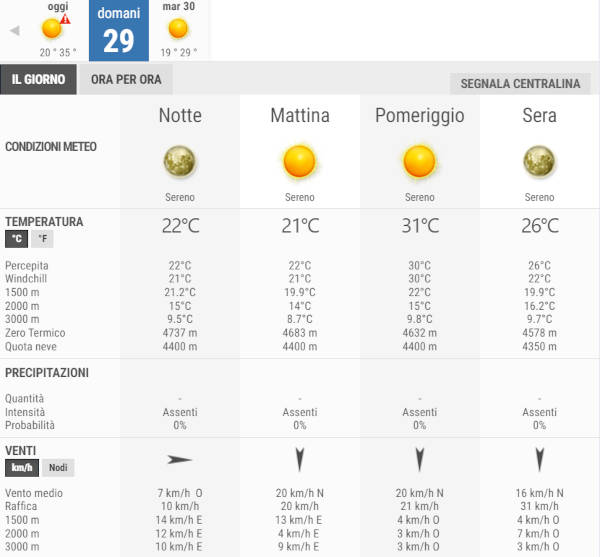Secondo gli esperti di 3bmeteo, domani, Lunedì 29 Luglio, avremo bel tempo con sole splendente per l’intera giornata, non sono previste piogge.
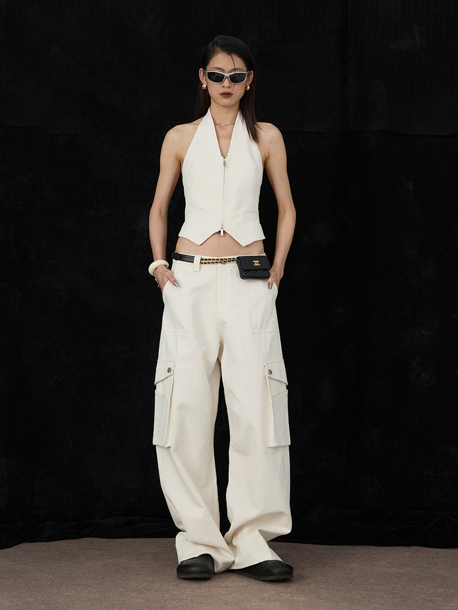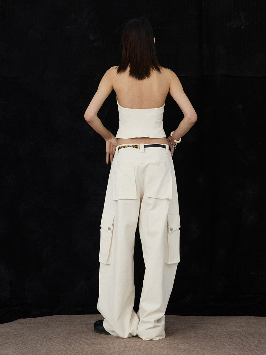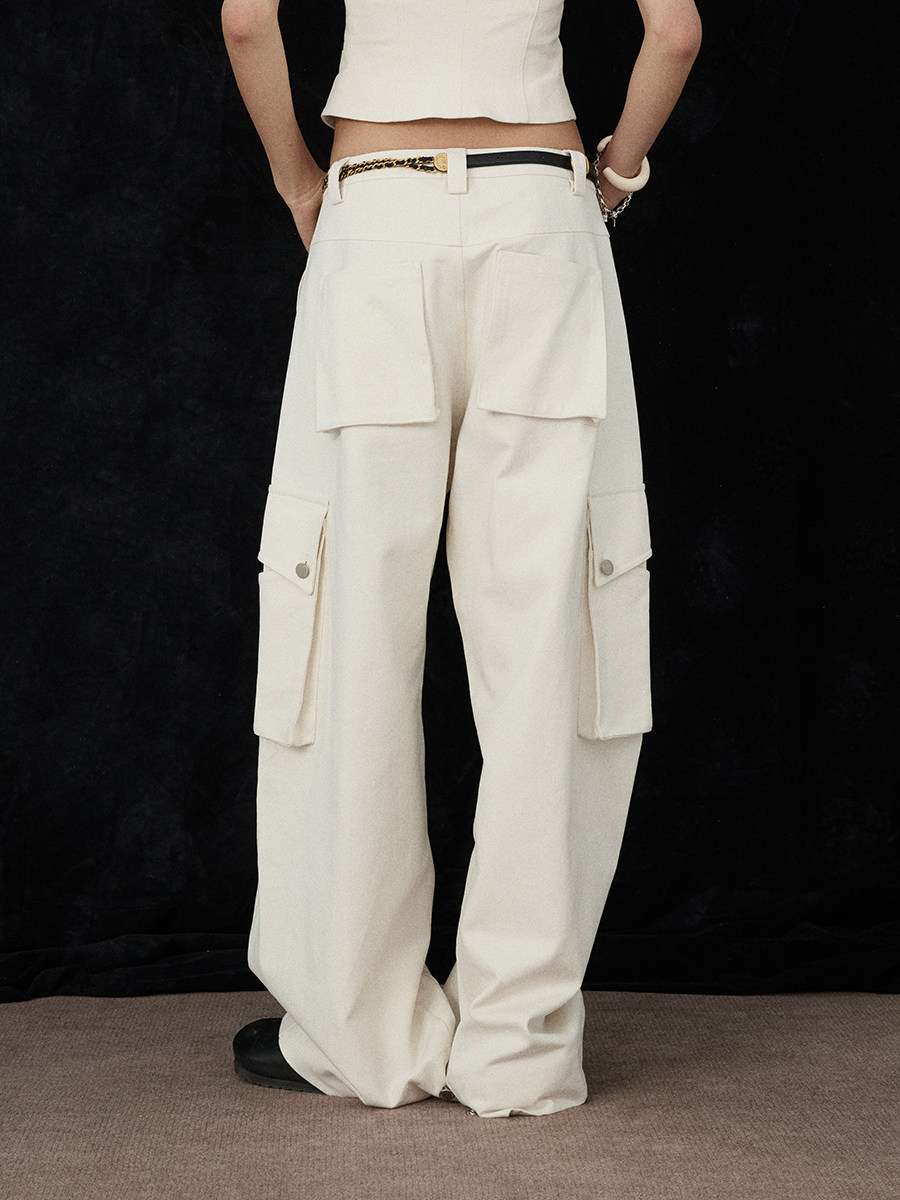 Ivory Wide-Leg Cargo Pants Deconstructed Fit
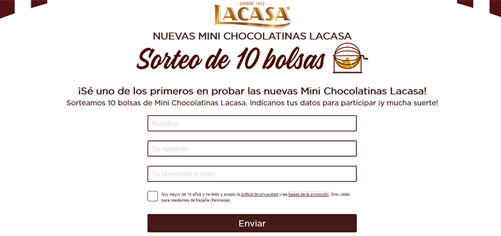 Sortean 10 bolsas de Mini Chocolatinas Lacasa
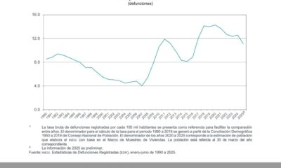 El Instituto Nacional de Estadística y Geografía (INEGI) informó que la tasa semestral de homicidios en México se redujo a 11.1 por cada 100 mil habitantes...

### [EXERCISE PROMPT]
Every line above should be transcribed exactly, though no image should be carried over.

### [EXPECTED ANSWER]
Secondo gli esperti di 3bmeteo, domani, Lunedì 29 Luglio, avremo bel tempo con sole splendente per l’intera giornata, non sono previste piogge.
 Ivory Wide-Leg Cargo Pants Deconstructed Fit
 Sortean 10 bolsas de Mini Chocolatinas Lacasa
 El Instituto Nacional de Estadística y Geografía (INEGI) informó que la tasa semestral de homicidios en México se redujo a 11.1 por cada 100 mil habitantes...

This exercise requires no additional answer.